- Born: Isadore Elliot Handler April 9, 1916 Chicago, Illinois, U.S.
- Died: July 21, 2011 (aged 95) Los Angeles, California, U.S.
- Education: Art Center College of Design
- Occupation: Business magnate
- Known for: Co-founder of Mattel and inventor of the doll Ken
- Spouse: Ruth Handler ​ ​(m. 1938; died 2002)​
- Children: Barbara Handler and Kenneth Handler

= Elliot Handler =

American inventor and business magnate (1916–2011)

Isadore Elliot Handler (April 9, 1916 – July 21, 2011) was an American inventor, business magnate, and the co-founder of Mattel. With his wife, Ruth Handler, he developed some of the biggest-selling toys in American history, including Barbie, Chatty Cathy, Creepy Crawlers, and Hot Wheels.

==Early life==
Isadore "Izzy" Elliot Handler was born to a Jewish family in Chicago, Illinois, on April 9, 1916. Handler's parents were Ukrainian Jews who largely spoke Yiddish within their household. The family moved out of Chicago, and Handler grew up on the west side of Denver, Colorado. He studied industrial design at the Art Center College of Design in Pasadena, California. In 1929, he met his future wife Ruth Mosko at a B'nai B'rith dance for teenagers. They dated on and off for years, and were married in June 1938. Shortly after their marriage, his new wife Ruth requested he change his name: partially due to her preferring his middle name "Elliot" over "Izzy", and partially from her fears of American antisemitism toward a name frequently associated with being Jewish like Isadore. He complied. The couple had two children: Barbara, who was the namesake of Barbie dolls; and Kenneth, the namesake of Ken dolls. While a struggling art student and designer of light fixtures, Handler partnered with Harold Matson to design a realistic-looking miniature piano that received roughly 300,000 orders; however, they mispriced the product and lost a dime on each one produced.

==Mattel==
Mattel received its name from business partners Harold "Matt" Matson and Elliot Handler in 1945. Elliot's wife, Ruth, took Matson's role when the Handlers bought his share in the late 1940s.

Handler holds credit for developing the first talking doll Chatty Cathy, using a pull string talking mechanism, revolutionizing the toy industry. Mattel continued to develop a number of talking toys, including Chatty Baby, Tiny Chatty Baby, and Charmin' Chatty. Toys were made for cartoon favorites such as Bugs Bunny and Porky Pig, and for television characters such as Herman Munster and Mr. Ed.

When Handler's daughter Barbara married Allan Segal, they created Allan, Ken's friend. The 1965 talking doll Baby Cheryl was named after the Handlers' first grandchild, and the Todd doll in the Barbie line was named after their grandson.
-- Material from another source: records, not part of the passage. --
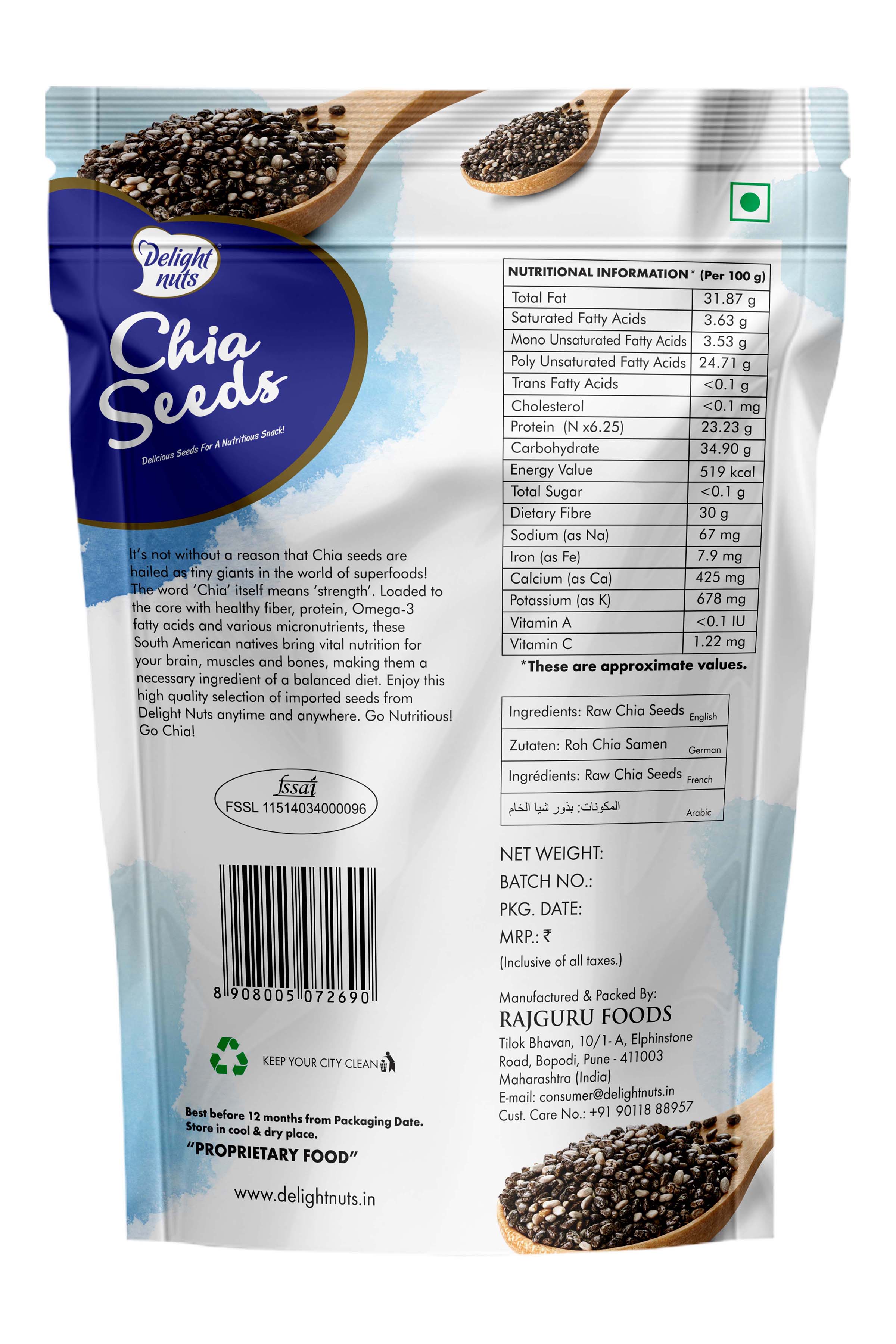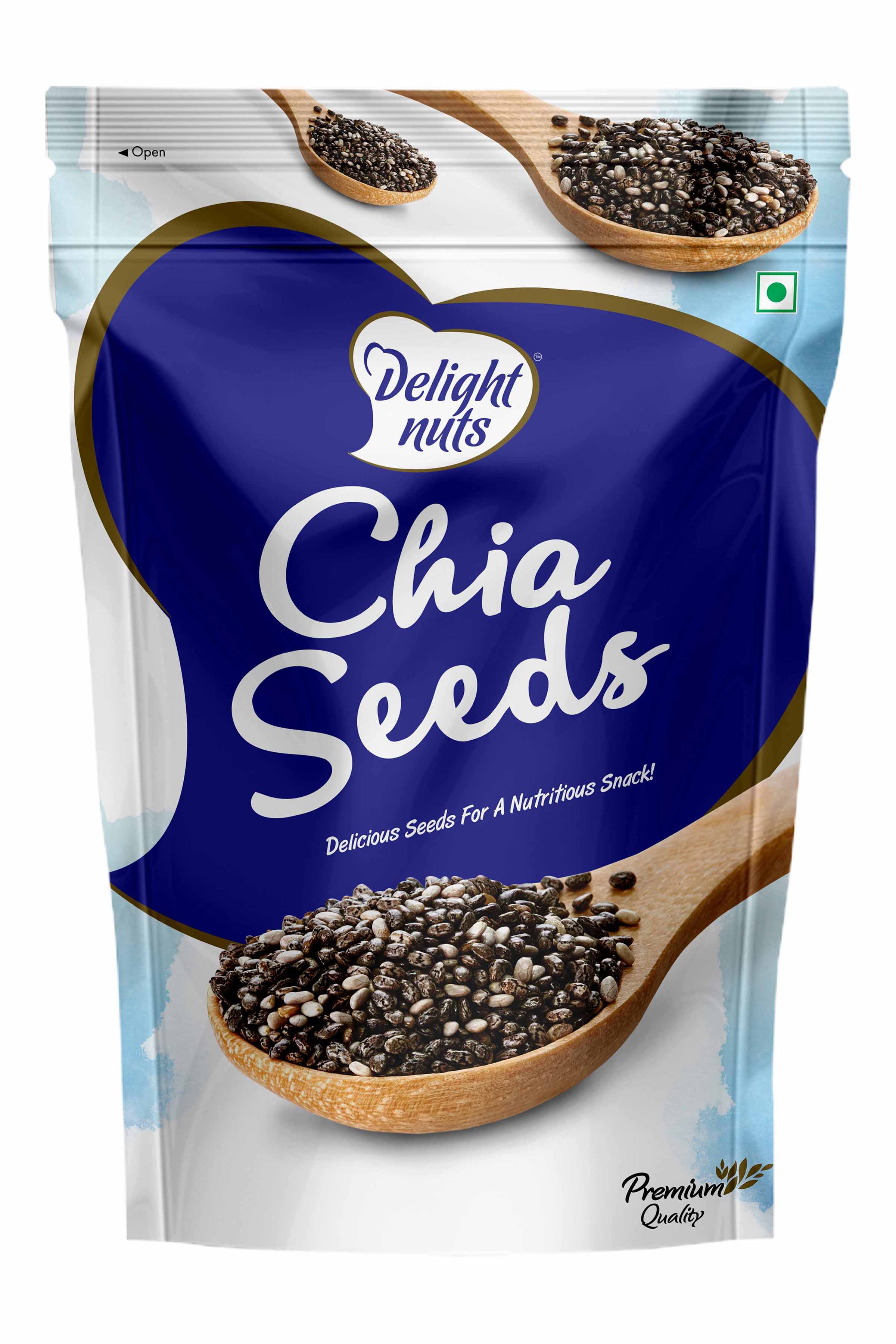 It's not without a reason that Chia seeds are hailed as tiny giants in the world of superfoods! The word 'Chia' itself means strength'. Loaded to the core with healthy fiber, protein, Omega-3 fatty acids and various micronutrients, these South American natives bring vital nutrition for your brain, muscles and bones, making them necessary ingredient of a balanced diet. Enjoy this high quality selection of Chia seeds from Delight Nuts anytime and anywhere. Go Nutritious! Go Chia !"
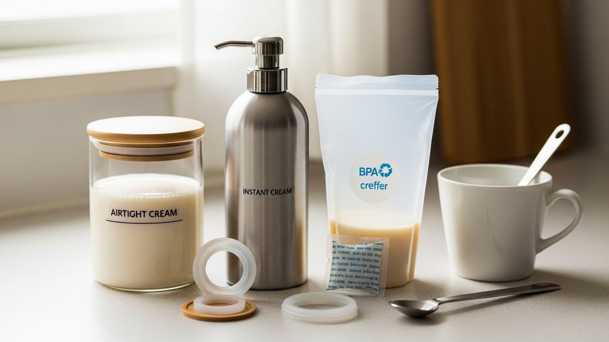 クリープのような粉末ミルクやコーヒー用フレーバーは湿気や臭い移りに弱いので、容器選びで品質を保てます。密閉性や素材、詰め替えやすさを基準にすると失敗が少ないです。
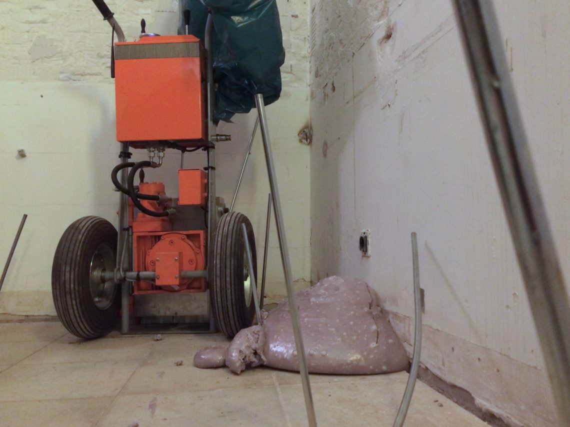 Er was een hoop volk op de been, want Uretek had eigenlijk nooit ruimte om dit systeem binnenshuis toe te passen, en de hele firma wilde dit hoogtepunt in de bedrijfsvoering graag meemaken.
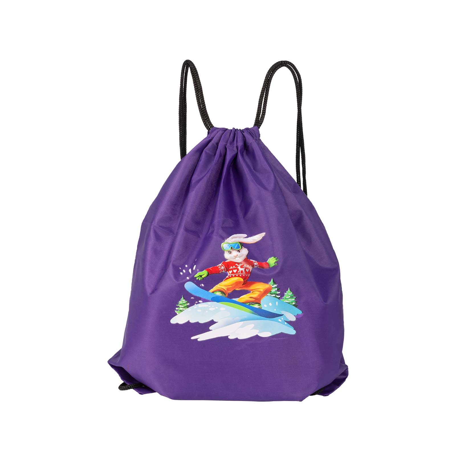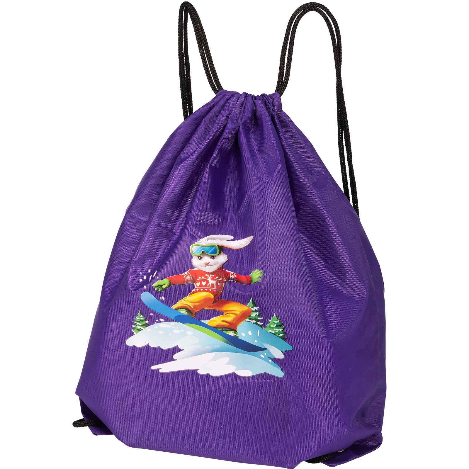 Упаковка  «Мешка для обуви кролика» - это тканевый мешочек, в котором в дальнейшем можно переносить сменную обувь. Он имеет удобную веревочку, плотно закрывающую сумку и защищающую обувь от попадания снега. На мешке изображен отважный, ушастый сноубордист. Фиолетовый цвет универсален, и это делает презент подходящим для мальчиков и девочек. Внутри находится вкусное наполнение из самых свежих сладостей, весом 1000 грамм. Прекрасный выбор, если вы в поиске практичного и яркого подарка.
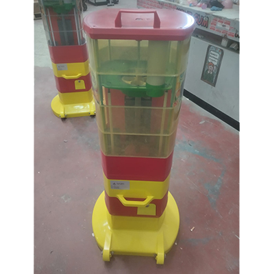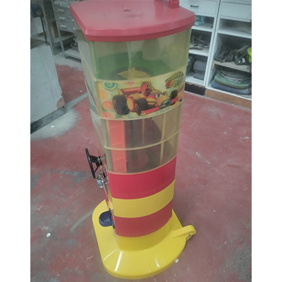 Distributore come da fotoUna palla sorpresa/magica viene erogata subito e 1 palla magica scende sul piano di gioco per essere giocata e viene vinta sempre. Dotato di cassetto monete indipendente con serratura di sicurezza. Munito di ruote e maniglia per agevolare lo spostamento.
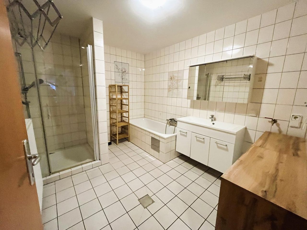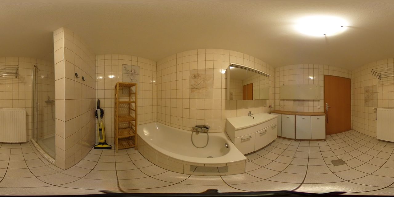 > Badezimmer mit Badewanne und Dusche
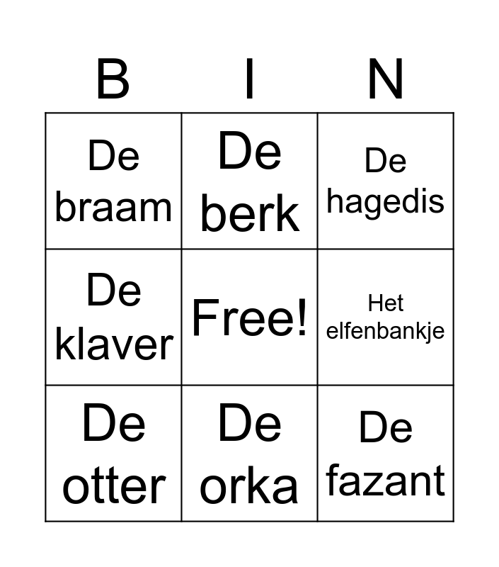This bingo card has a free space and 8 words: Het elfenbankje, De hagedis, De berk, De otter, De braam, De fazant, De klaver and De orka.
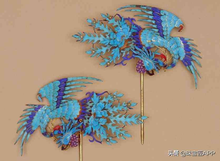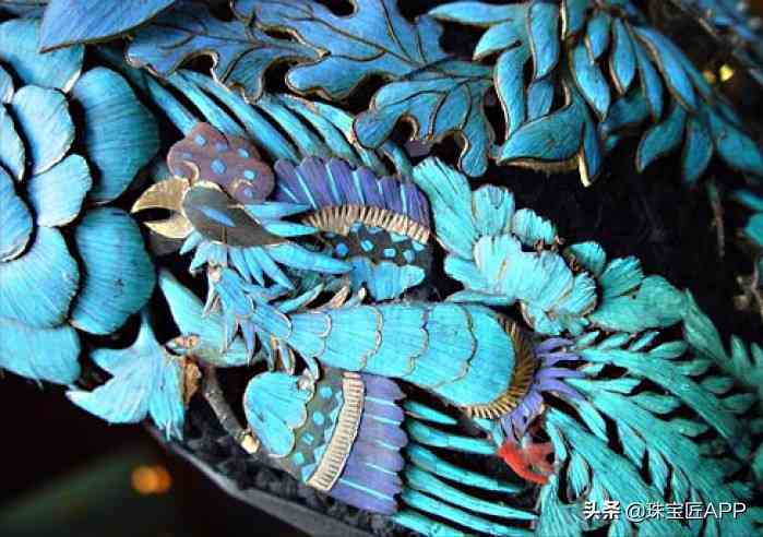 最传统的点翠工艺,要求使用的一定是翠鸟之羽,只因据说翠羽色泽可以百年不变,光泽如故。
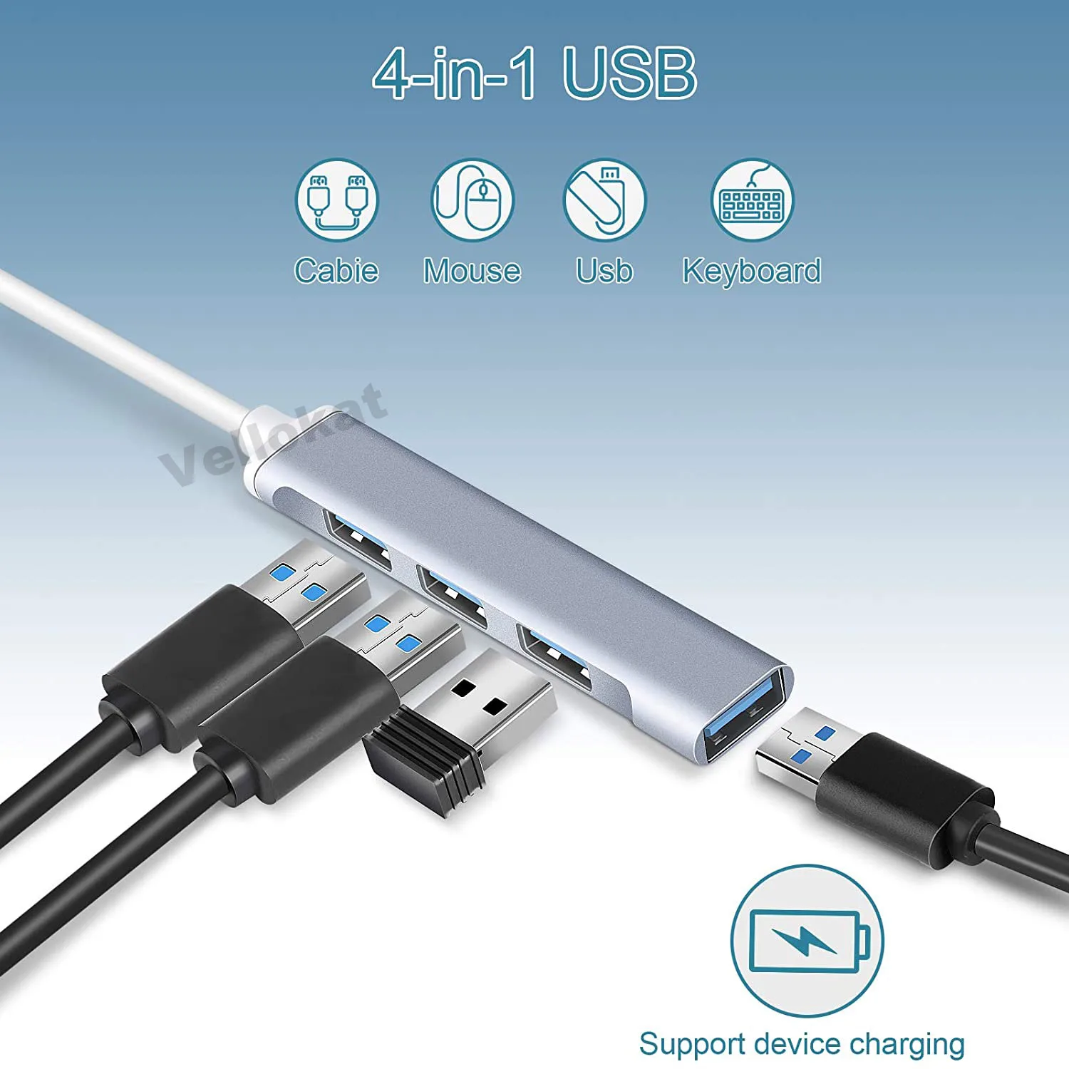 Мини-разветвители, 4-портовый концентратор USB 3,0, концентратор 2,0, станция USB-адаптера, Ультратонкий концентратор данных с портом, алюминиевый USB-разветвитель
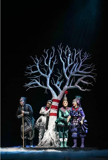 歌劇《小河淌水》在舞美、服裝、燈光,特別是音響方面都有其特色與成功之處。劇中并沒(méi)有追求奢華的舞美,而是以簡(jiǎn)潔與流暢的方式彰顯了民族特色,取得了較好的藝術(shù)效果。
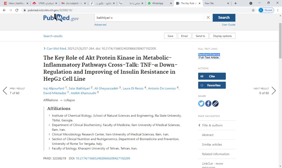 پایان نامه هایی که با راهنمایی دکتر سالار بختیاری در گروه بیوشیمی بالینی در حال انجام هستند:
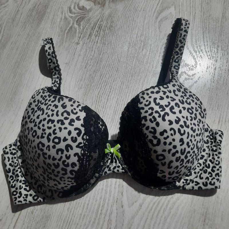 Бюстгальтер леопардовый лифчик лиф пуш-ап Victoria's Secret 34D 75-80D,C, замеры на фото
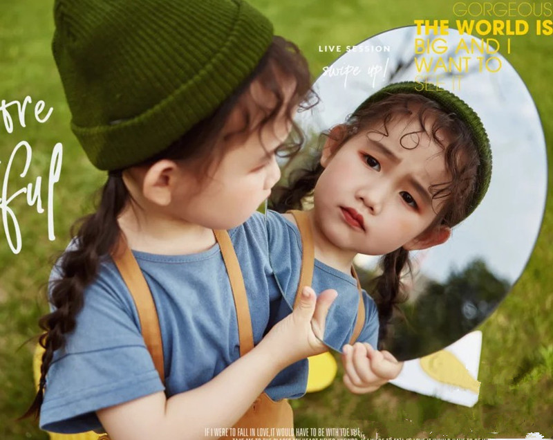 新外景创意个性儿童拍照黄色笑脸毯子宝宝写真摄影道具镜子卡纸
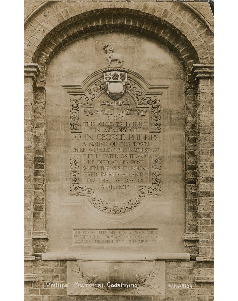 Unused real photo postcard close-up of the memorial cloister to telegraphist John Phillips, captioned at the bottom: "Phillips’ Memorial, Godalming.” In fine condition, with light silvering to dark areas of the image.
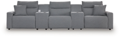 Includes 5 modular pieces: left-arm facing power recliner, armless chair, 2 consoles, and right-arm facing power recliner
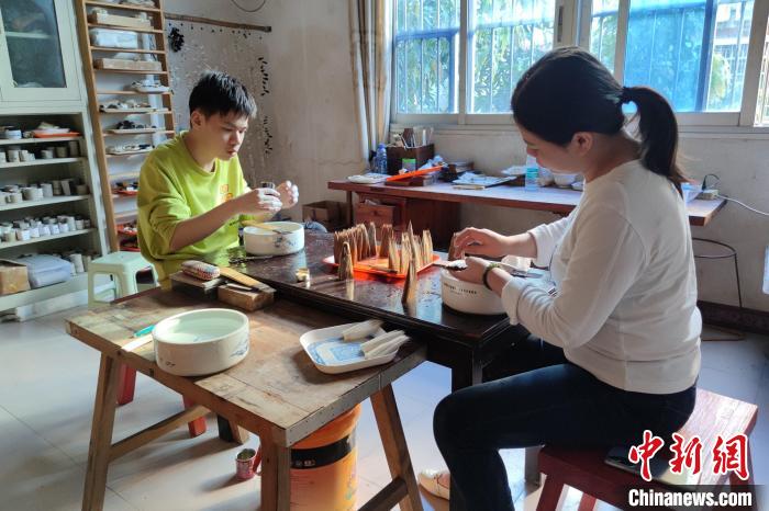 張才枝的兩個徒弟在學(xué)習(xí)制筆。 吳冠標(biāo) 攝
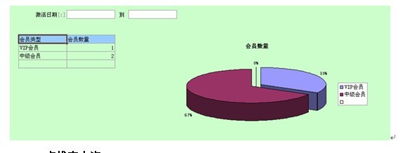 会员分类统计是一个含有图表的纯查询模板,表样如下图。在查询条件处输入日期范围后,系统自动统计在该日期范围内激活会员卡的每个类型的会员数,并在右侧用饼图表示其比例。不输入日期则忽略该查询条件。
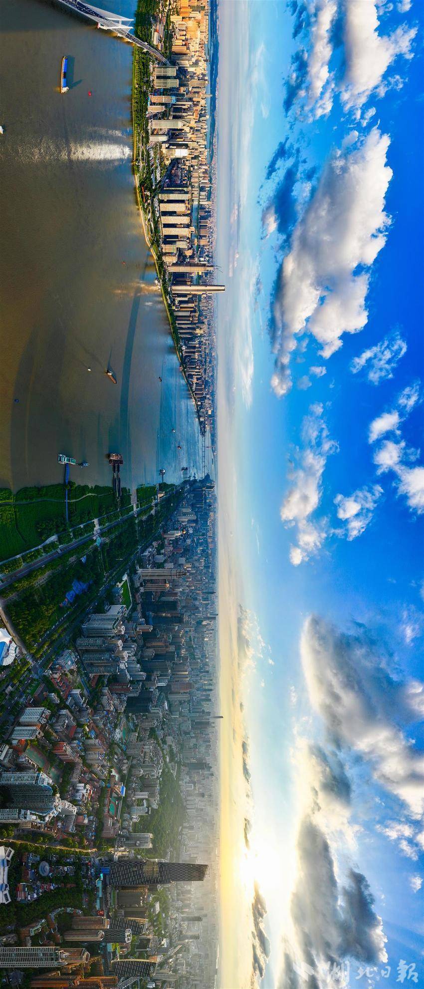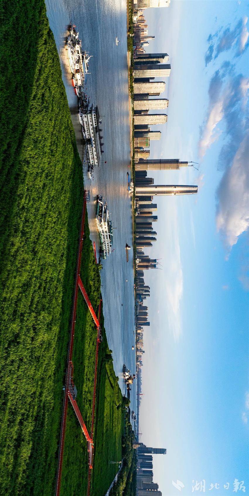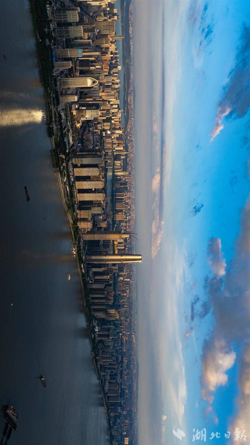 2025年7月1日,武汉天朗气清,白云满天,空气能见度极佳。傍晚时分,夕阳映射在武汉两江四岸的楼宇上,大片风光一览无余,绝美无比!(湖北日报全媒记者 何宇欣 摄)
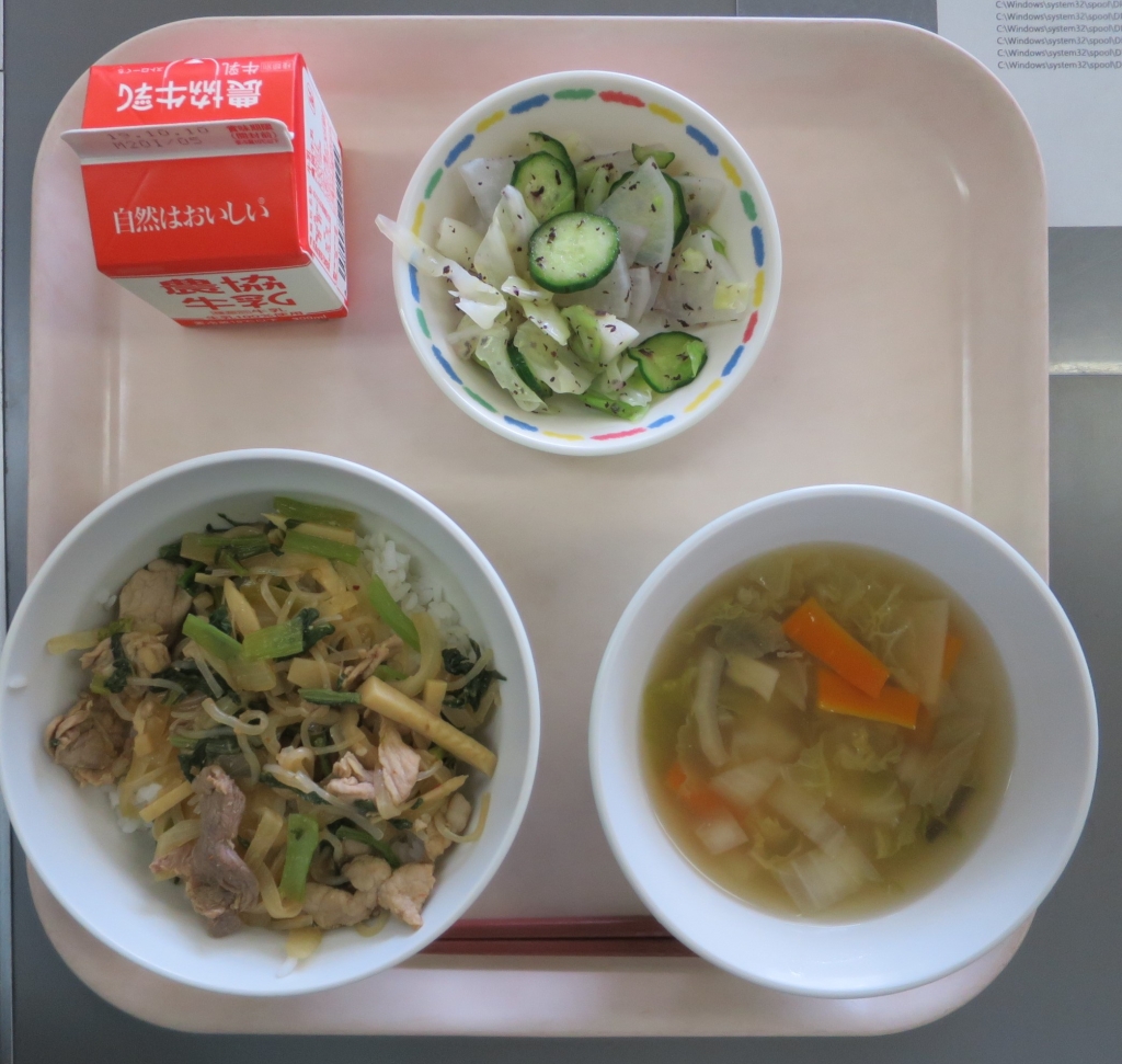 チンゲン菜のスープ、牛乳~

Handler was primarily responsible for two additional Mattel product lines. In 1966, Mattel introduced smaller dolls called Liddle Kiddles. Handler claimed he wanted them to resemble little children in neighborhoods across America. They were sculpted by doll artist Martha Armstrong-Hand. Kiddles were a great success and continued to be produced in different versions until the early 1970s. Another product line was Hot Wheels, introduced in 1968, which gave rise to 10,000 different models.

First called Mattel Creations, the company has become the largest toy maker in the world in terms of revenue. In April 2006, Mattel honored Handler with a 90th birthday party at its headquarters in El Segundo, California. Guests included his daughter Barbara Segal, the namesake of the Barbie doll.

==Personal life==
Handler died of heart failure at home in Century City, a district of Los Angeles, California, at age 95 on July 21, 2011. Ruth Handler, Elliot's wife, died in 2002; their son Ken died in 1994.